If you get caught running a stop sign or red light in Nebraska, you’ll typically be looking at a fine and points on your driving record. This article gives an overview of what the law prohibits and some of the specific consequences of a stop sign or red light violation.
(Also, read about the different ways of dealing with a traffic citation.)
At a red light (solid or flashing) or a stop sign, motorists must come to a complete stop prior to the nearest of reaching a limit line, entering the crosswalk at the near side of the intersection, or entering the intersection itself.
Nebraska law allows motorists to make a right turn after stopping at a red light unless there’s a sign indicating the turn is prohibited. Drivers must use caution and follow right-of-way rules when making a right on red.
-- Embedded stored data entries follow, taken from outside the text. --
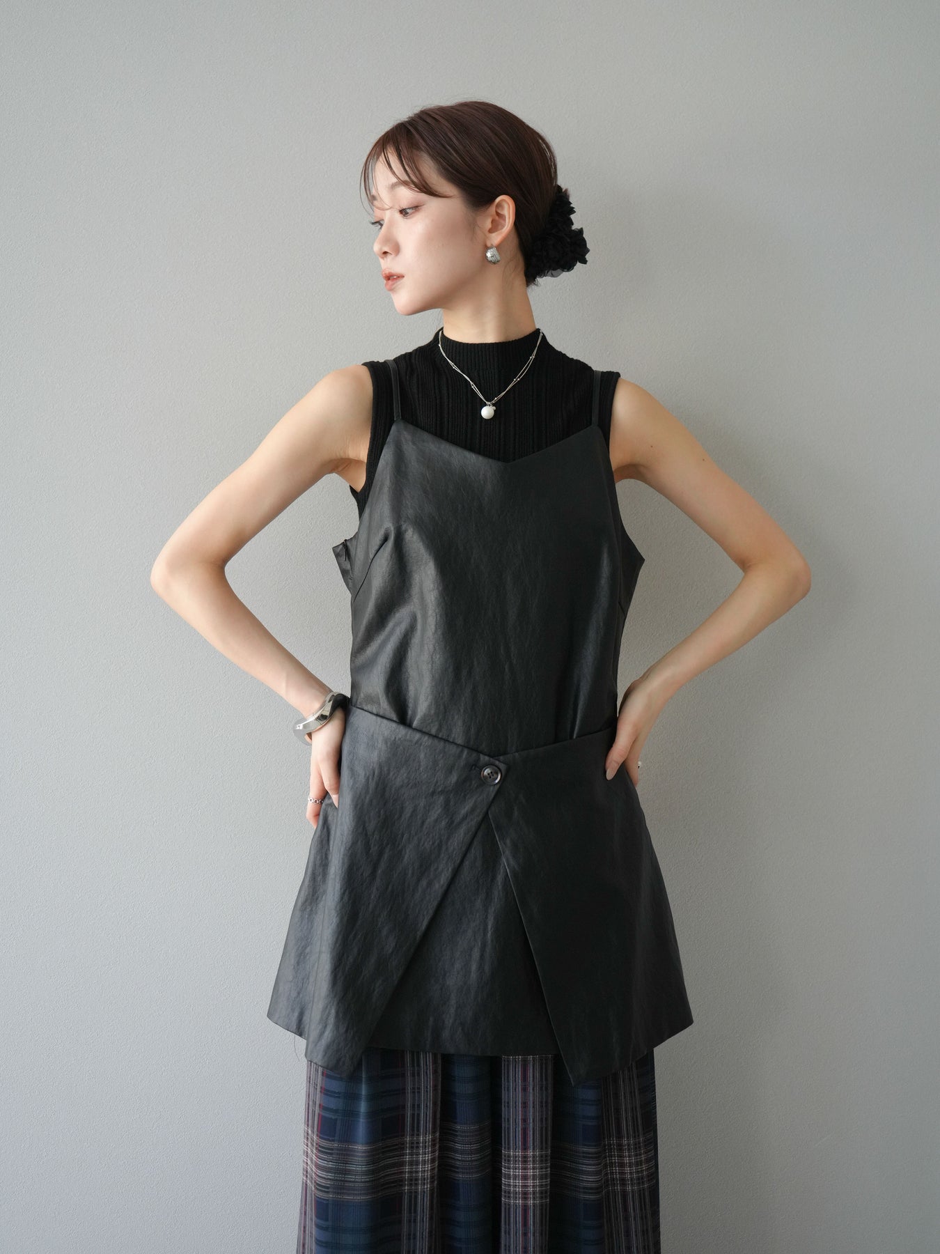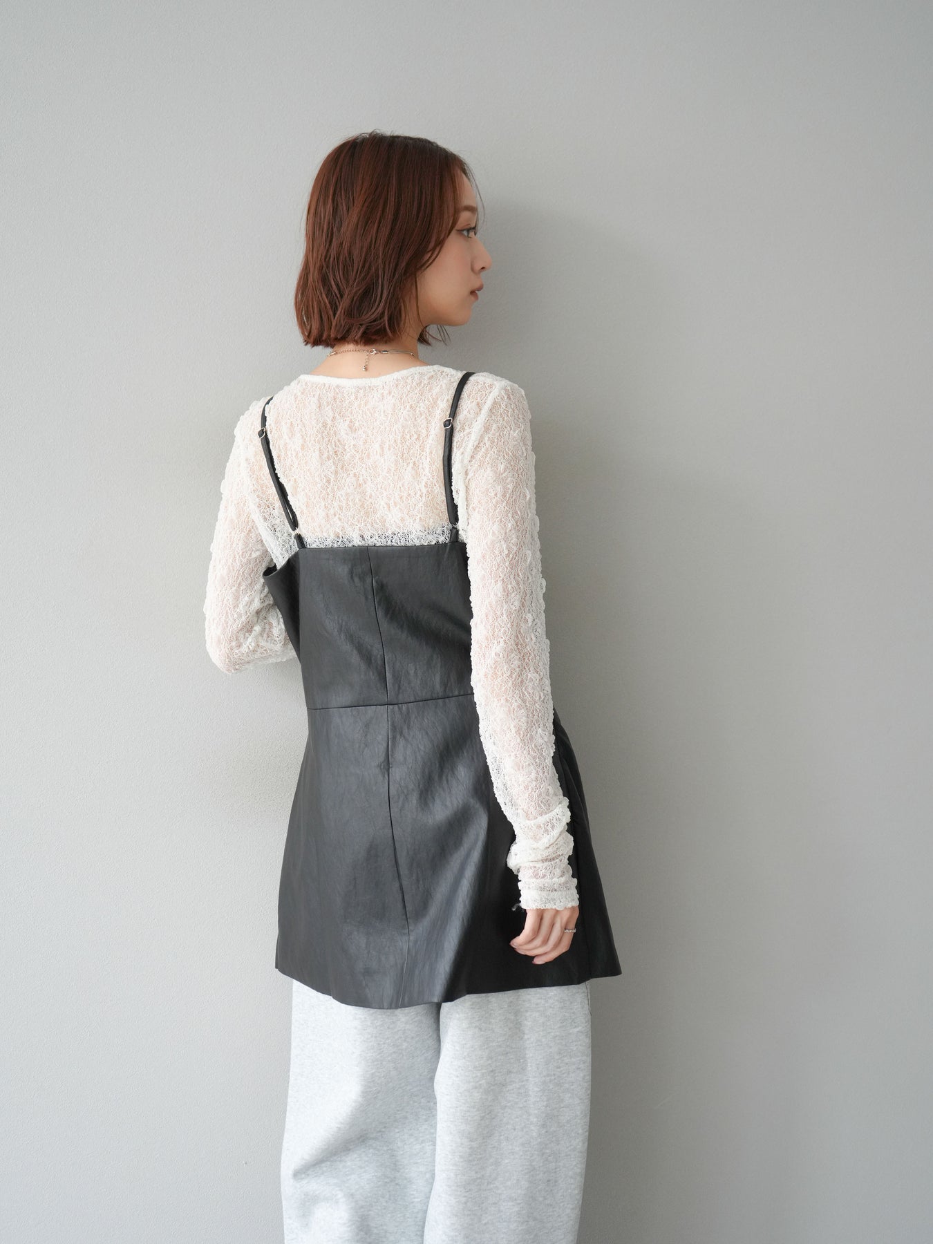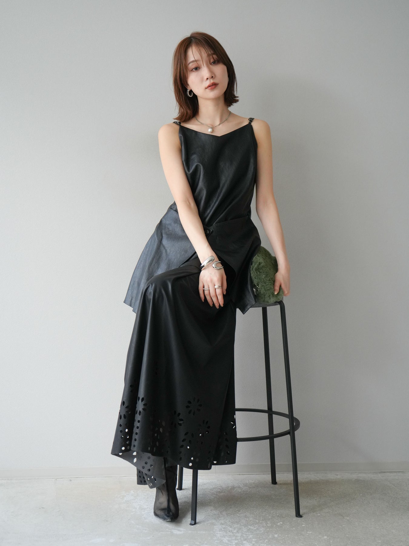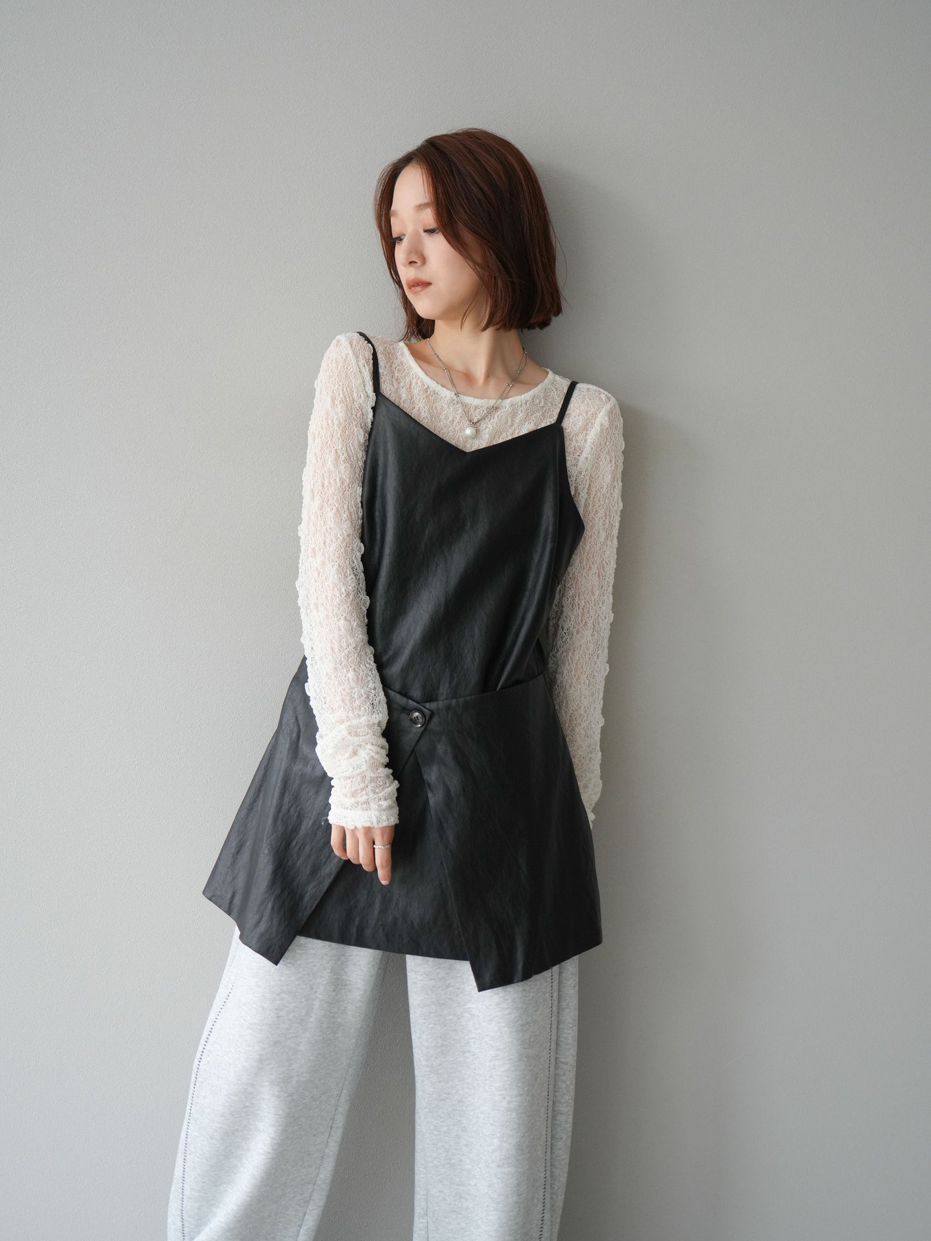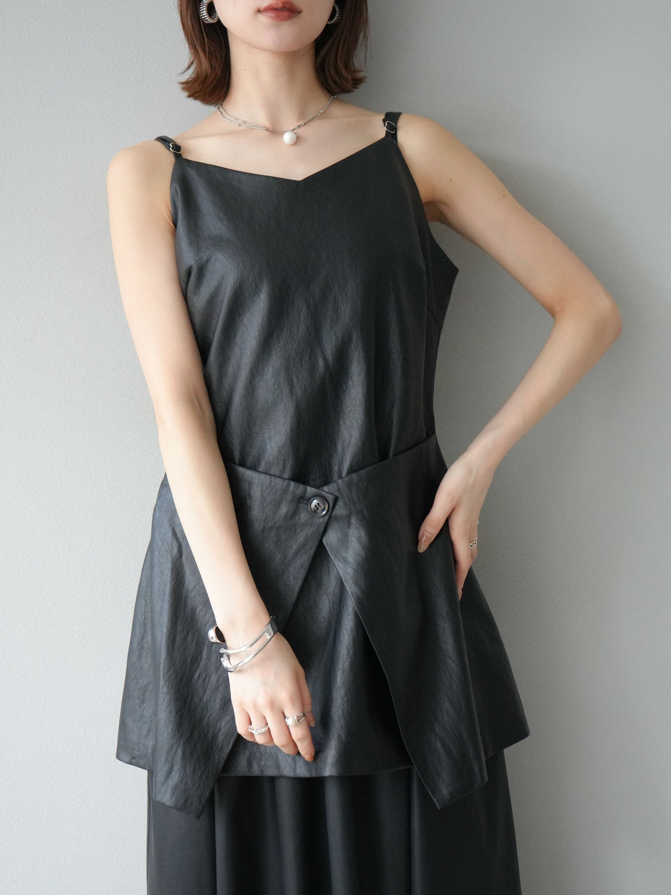 [予約]レイヤードレザーキャミソールチュニック/ブラック
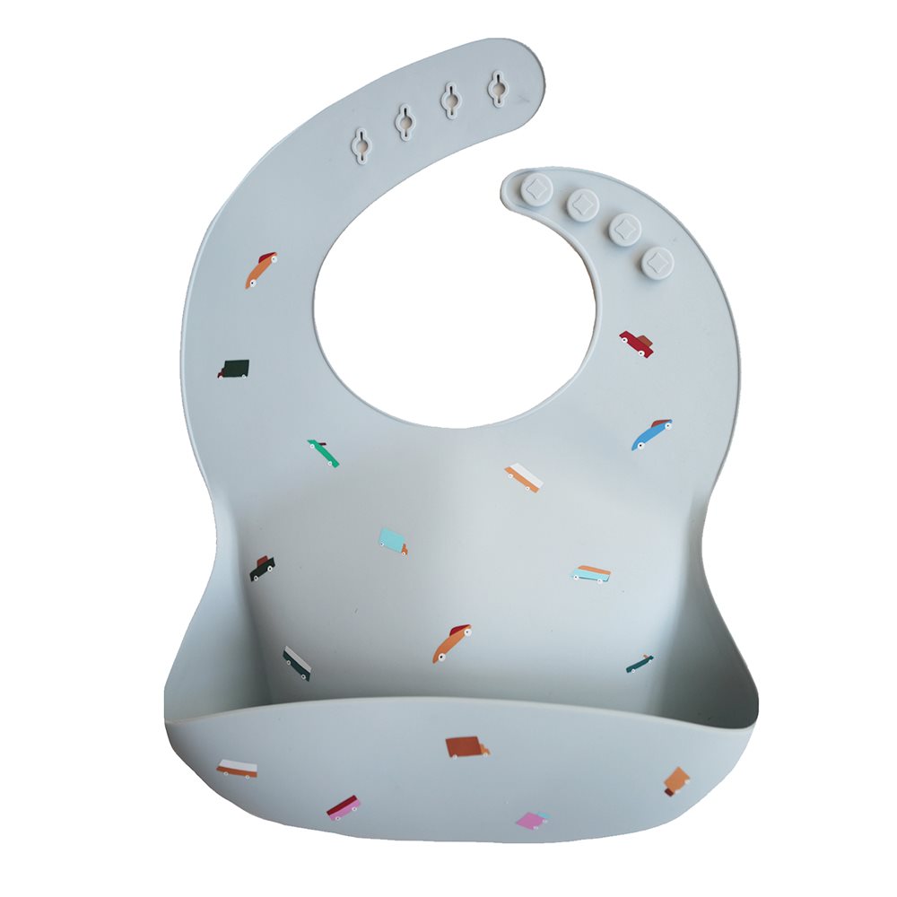 Ruokalappu Mushie, silikonia Retro Cars on hauska autoaiheinen ruokalappu. Ruokalappu on pehmeää silikonia ja se on mukava lapsen päällä. Ruokalapun kouru kerää kaikki ohimenneet ruuat, eikä niitä tarvitse kerätä lattialta.
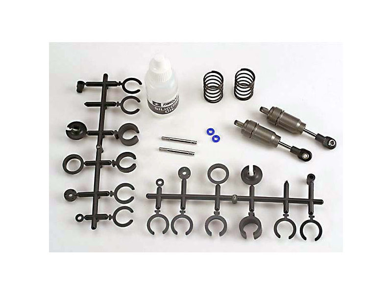 Traxxas hliníkový tlumič Big Bore short v krátkém provedení s pružinou. Na vnitřní straně povlakovaný teflonem (PTFE). Pístnice jsou ocelové s povlakem nitridem titanu (TiN). Sestaveno z 32 mm pístnicemi, součástí balení jsou i pístnice 29 mm.
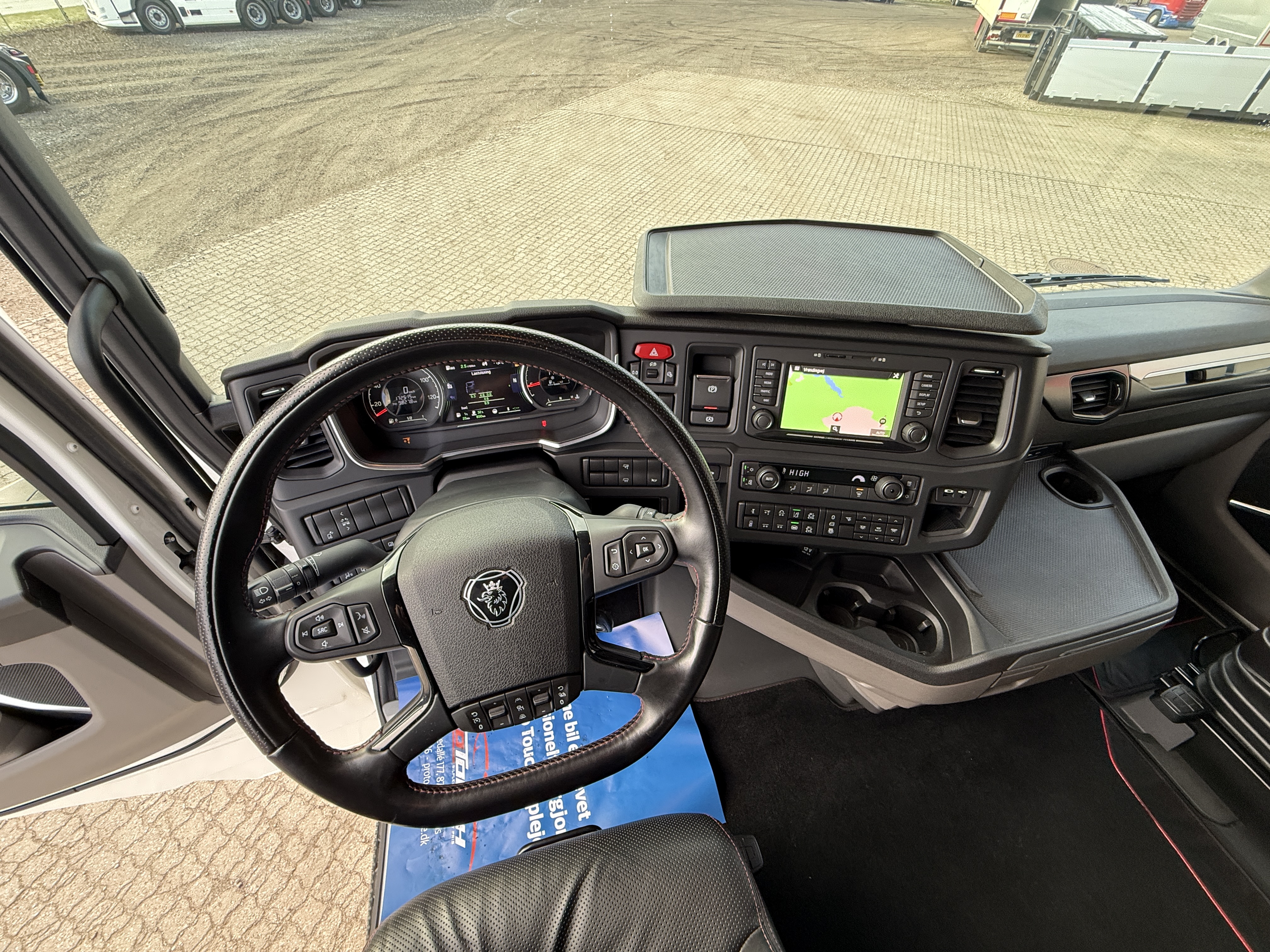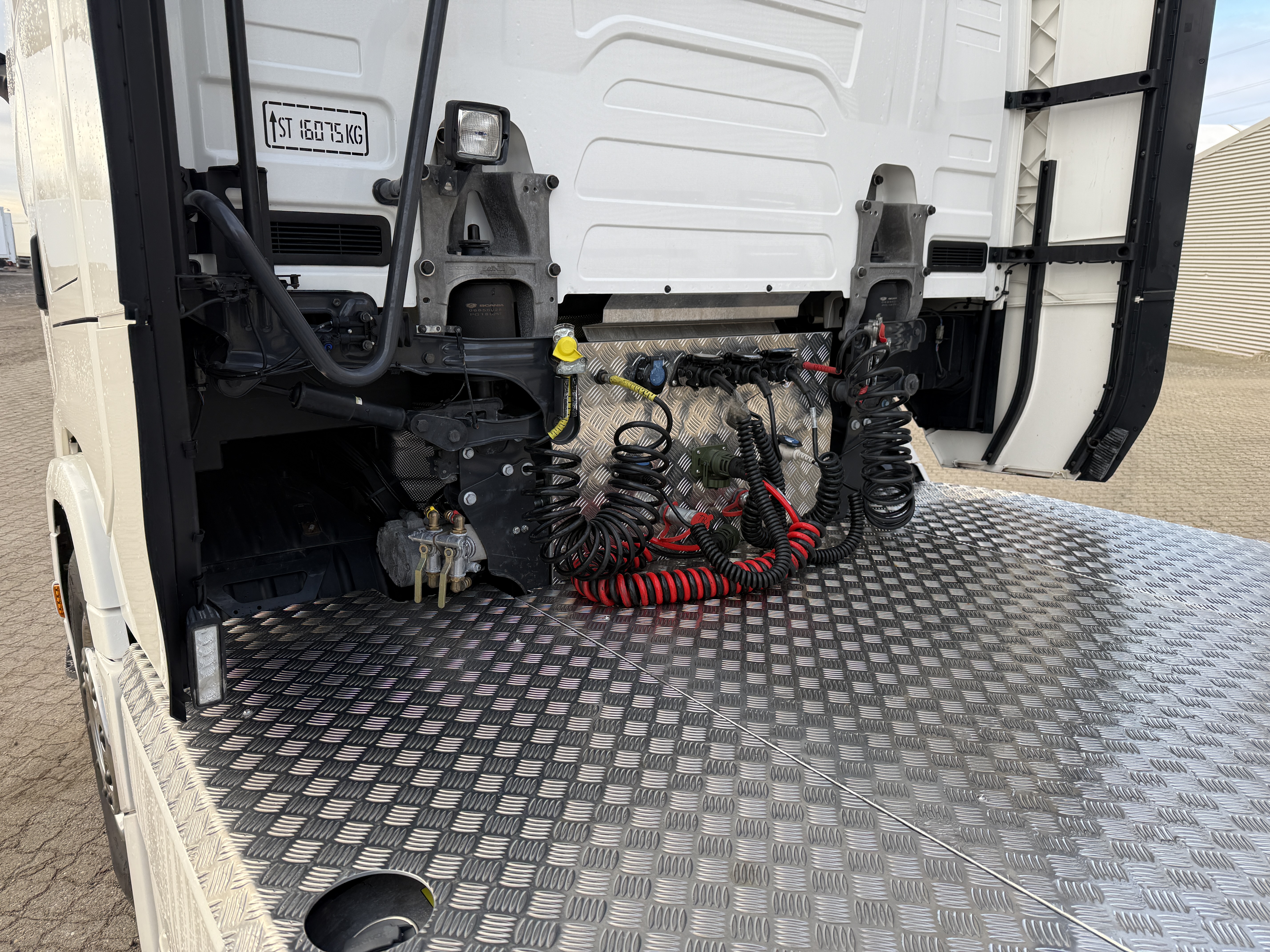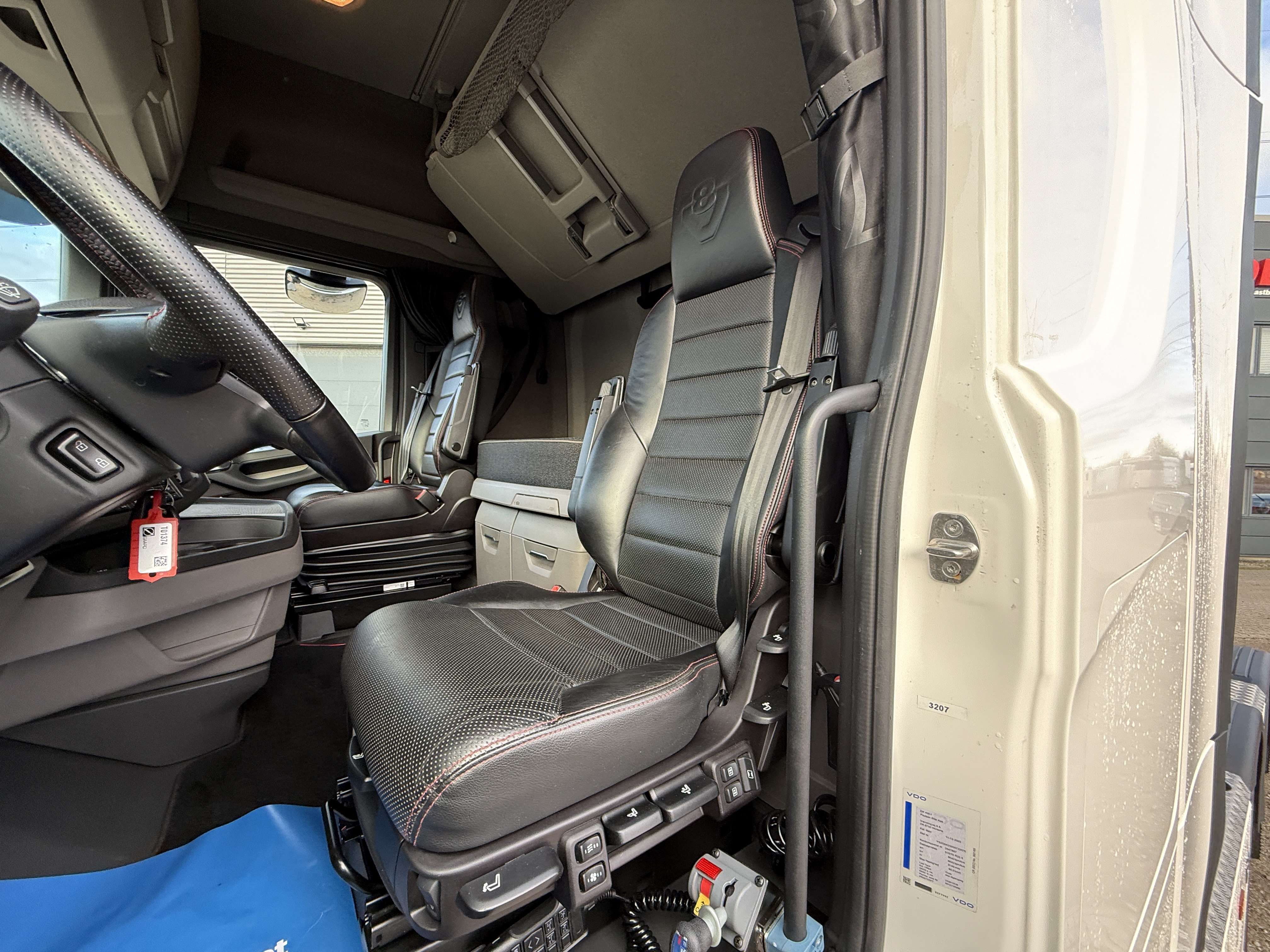 Trækkeren har flere tekniske og komfortmæssige funktioner, herunder Scania aircooler, automatisk klimaanlæg, aircondition og et køleskab. Kabinen er udstyret med lædersæder, og førersædet har både varme og ventilation. Navigationssystemet er integreret, og der er installeret adaptiv fartpilot, ACC, sporassistent og lastindikator.

In Nebraska, a motorist can make a left turn after stopping at a red light only from a one-way street onto another one-way street. Of course, motorists need to follow the normal right-of-way rules and proceed with caution when making the turn.
In Nebraska, a yellow light is a warning that the signal is about to turn red. Motorists must stop at a yellow light unless they are so close to the intersection that a stop can’t be safely made.
Generally, stop sign and red light violations are traffic infractions in Nebraska. Convicted motorists are typically looking at a $75 fine plus $49 in fees.
A stop sign or red light conviction will generally add one demerit point to a motorist’s driving record. Accumulating too many points can lead to license suspension. But eligible motorists can reduce their points by taking a driver improvement course.
Depending on the circumstances, a red light or stop sign violation could also lead to a reckless driving conviction. And if one these offenses result in the death of another person, vehicular homicide charges are also a possibility.